Вероника с благодарностью приняла бутылку. Сначала, лежа под землей, она мучительно хотела пить, но потом в ее организме, видимо, что-то перестроилось, и последние часы она почти не ощущала ни голода, ни жажды. Только теперь, при виде прозрачной, пронизанной жемчужными пузырьками воды, она поняла, насколько сильна ее жажда. Пока парнишка-кореец и второй молодой спасатель, которые взялись донести ее до ближайшей передвижной санчасти, курили вместе со своими собратьями, Вероника всласть напилась воды, жадно припав к горлышку бутылки. Движения ее были неверными, и вода стекала по подбородку, проливалась на меховой воротник замшевого пальто. Затем Вероника завинтила пробку, положила заветную бутылку рядом с собой, блаженно откинулась головой на носилки и закрыла глаза. Через некоторое время носилки снова качнулись и поплыли над землей. Вероника открыла глаза, осторожно повернула голову и стала смотреть на проплывающий мимо пейзаж.

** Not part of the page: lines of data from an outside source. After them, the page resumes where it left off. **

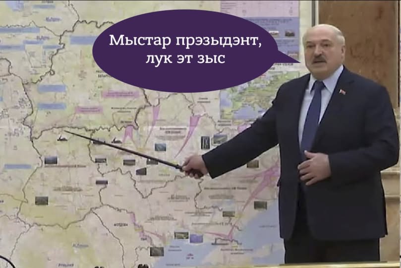Крім того, з’явився мем, на якому самопроголошений президент Білорусі щось показує на карті, звертаючись до Трампа з білоруським акцентом.
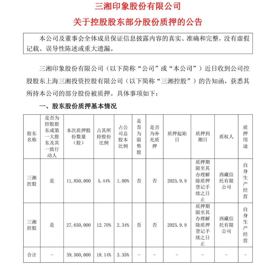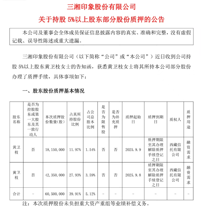 此外,9月11日,三湘印象股份有限公司发布公告称,近日收到公司持股5%以上股东黄卫枝女士的告知函,获悉黄卫枝女士将其所持本公司部分股份办理了质押手续,将合计6050万股质押给西藏信托,质押用途为融资需求。
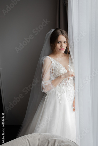 A girl in a wedding dress, a bride with flowers, delicate details.
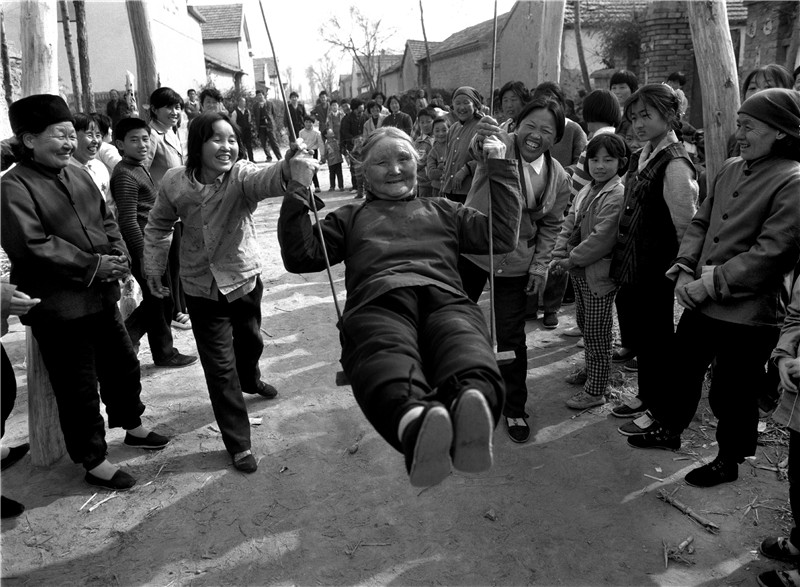 1994年,山東省濱州市舊鎮(zhèn)有清明節(jié)蕩秋千的風俗,生活富裕起來農(nóng)民又開始在村子里扎起了秋千。年邁的老人們仿佛又回到了少年時代,重溫起了女兒夢。
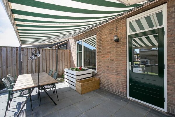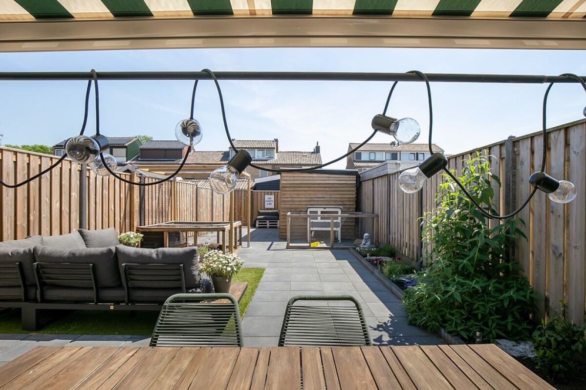Vanuit de keuken stap je de achtertuin in, gesitueerd op het oosten. Hier zie je een grote buitenruimte met grote betontegels, kunstgras, een borders met lage beplanting en houten schuttingen. Dankzij de diepte van de tuin kun je de hele dag in de zon zitten. Tegen de achtergevel hangt buitenzonwering en in de ruime berging is ruimte voor de fietsen en het tuin-/klusgereedschap. Via de poort is de achtergelegen steeg te bereiken.
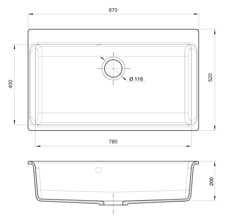 Расстояние от дна до верхней кромки чаши мойки. Оптимальная глубина — 15-18 см. Чем глубже мойка, тем меньше брызг попадет наружу.

Город лежал в руинах. Из домов остались стоять только деревянные — да еще некоторые низкие одноэтажки. Деревья и кустарники местами были выкорчеваны с корнем и походили на притаившихся возле дороги чудовищ… Кругом на обочинах и тротуарах пылали костры, бросая на уцелевшие остовы домов зловещие тени… В густеющей темноте появлялось все больше людей с самодельными факелами… Один из них подбежал к носилкам и наклонился к самому лицу Вероники — она даже уловила его несвежее дыхание, какое бывает у людей с больными зубами. «Наверное, ищет кого-нибудь», — подумала Вероника и, бегло встретившись с незнакомцем глазами, отвернулась.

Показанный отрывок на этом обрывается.